If you move into a house that has already been lived in you have the previous occupant’s karmic traces to contend with. These are residual energies left behind by the former occupants and impregnated in the walls, floors and spaces of the house. The more people, the denser the energy, and so with each new family or set of occupants that live there, another layer is added. Sometimes, when we walk into a house we can feel sadness or loneliness, joy or peace, all depending on the history and emotional state of the previous occupants.
The energy in our house is like a barometer and reflects who we are and what kind of states of mind we are in. A tiny movement can set the whole place out of balance. Any negativity, anger or violence may well disturb the spirits, upset the Earth Lord and create a storm in the spirit of the house, or of the whole neighborhood.
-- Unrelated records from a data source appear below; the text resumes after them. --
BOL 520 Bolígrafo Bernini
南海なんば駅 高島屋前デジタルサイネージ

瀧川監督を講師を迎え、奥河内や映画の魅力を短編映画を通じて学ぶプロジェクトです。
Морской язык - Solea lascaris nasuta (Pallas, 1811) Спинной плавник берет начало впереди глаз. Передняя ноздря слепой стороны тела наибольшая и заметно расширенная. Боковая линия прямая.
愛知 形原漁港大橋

In the Maya tradition of the Highlands of Chiapas, sometimes people are believed to fall ill due to bad energy at home or a rupture in one or more of the relationships in the house. Although they may respond to treatment outside the home, mysteriously, every time they go home, they fall ill again. The cause of the problem is understood to come from something malign within the house, not in the body. Generally, the family shaman is summoned and is asked to perform a House Blessing.
First of all the shaman must analyze the energy and diagnose the problem. Most cases are problems that have arisen the lifetime of the house or its occupants. Sometimes the causes are supernatural; the spirit of a deceased person(s) or animal(s) may be residing there and disturbing the spirit of the house. The house may have been cursed by a brujo and objects may have been buried with evil intent to create a negative energy field. In this case the house may feel ‘cold,’ even on a warm day. In extreme cases, the house may even be deemed ‘possessed,’ taken over by angry spirits, hungry ghosts, trapped on this plane by negative actions, causing trouble wherever they go.
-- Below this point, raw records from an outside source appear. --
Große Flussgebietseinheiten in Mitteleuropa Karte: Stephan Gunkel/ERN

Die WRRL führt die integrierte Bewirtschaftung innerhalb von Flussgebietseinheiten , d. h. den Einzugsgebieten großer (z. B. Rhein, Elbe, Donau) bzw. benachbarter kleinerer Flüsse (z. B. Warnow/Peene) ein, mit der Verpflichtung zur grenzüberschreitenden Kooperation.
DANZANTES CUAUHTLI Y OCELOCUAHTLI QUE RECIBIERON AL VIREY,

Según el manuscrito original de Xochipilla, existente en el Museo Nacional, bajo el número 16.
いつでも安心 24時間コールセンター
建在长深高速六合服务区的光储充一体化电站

Whatever the situation, the Curandero is responsible for making peace with all of the various beings in the house, starting with the Earth Lord up. Traditionally, Maya houses are built with earthen floors, so a hole is dug in the centre to open up communication with the Earth Lord. An altar is built on the floor, usually where the negativity is most concentrated, behind a protective row of pine branches, and all manner of offerings, such as candles, corn, copal, flowers, food and drink are laid out and offered up in an attempt to appease the injured party. The idea is that if the hungry ghosts are well fed and watered, they will leave the occupants alone, and move on. Copal and herbs are smudged and blessed water sprinkled around the house to soak up any residual negative energy left behind and to reinstate the positive magnetic charge. Finally the family may prepare a meal to celebrate the blessing of the house, which, after all, is seen as a very auspicious and happy occasion.
Whatever tradition we come from, whatever our belief system, I think it is important to honour the space we inhabit and connect to it as best we can. If we can establish a sacred connection with the earth and nature, this will benefit and enrich our lives, and the lives of others around us. If we can strive to be at peace in our homes and with our families and guardian spirits, the spirit of our house will be happy, and love will pervade. If we can show gratitude to the earth for giving us a space to live and learn, and let go of trying to make divisions and protect our territories then perhaps the earth will open to us, sharing its secrets with us and showing us a way to transcend the discontent of our time.